The ‘Lazy’ Feeder

Every baby’s feeding duration/frequency/length of baby’s feeds is different and there are many variations of normal.  Many baby’s are described as ‘lazy feeders’ – when this is associated with unmanageable (sleepy/long/frequent) feeding or slow weight gain, it’s well worth looking into. There are many reasons why a baby’s feeding pattern may appear to be lazy.  The reasons are many and varied, but they all need a very thorough assessment by someone who has the time to take a full history and WATCH a full feed – from start to finish even if it takes an hour.  As an LC, this is what I do.  I listen to the mum and what she is seeing and feeling, I look at the baby and the pattern of weight gain, I listen and assess for swallowing and watch for tiny clues to tell me what is going on.
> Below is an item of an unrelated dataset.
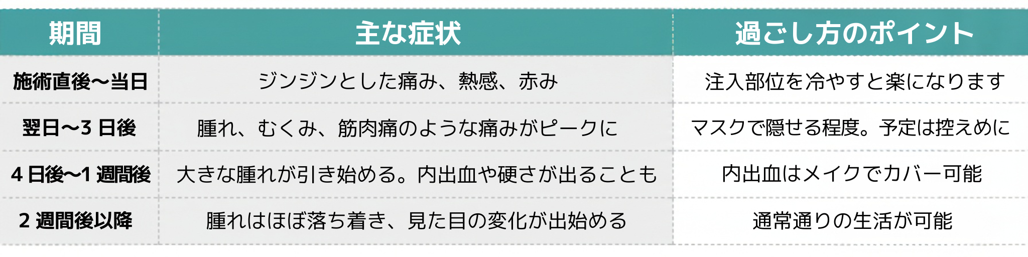 施術の翌日から3日後あたりが、腫れ、むくみ、そして筋肉痛のような痛みのピークとなることが一般的です。特に顔の施術後は、普段より一回り顔が大きく見えることもあります。しかし、多くの場合、マスクをすれば十分に隠せる範囲ですので、日常生活に大きな支障はありません。

When I’m assessing a mum and her bubba who is ‘lazy’, here’s some of the things I consider Is there a medical condition which is making this bubba lethargic – this could be severe jaundice or under-nutrition, a cardiac condition etc.  If this is a possibility, it’s time to seek medical attention while putting in a plan to support feeding Is this bubba having short feeds because he is getting a lot of milk in a short amount of time Is this bubba waiting patiently for his mum’s let-down which is inhibited – such as those effected by breast reduction Is this bubba premature and just not strong enough to do full breastfeeding yet Is this bubba falling asleep at the breast and taking a long time to feed because the milk is flowing really slowly or supply is low The lazy feeder is fine if mum and bub are happy, healthy and bubba is gaining weight – if this isn’t the case, they need to be assessed properly and a close eye kept on them. If you are concerned about your baby’s feeding, pattern of weight gain or finding breastfeeding unmanageable, please consider a consultation for a thorough assessment.     Photo...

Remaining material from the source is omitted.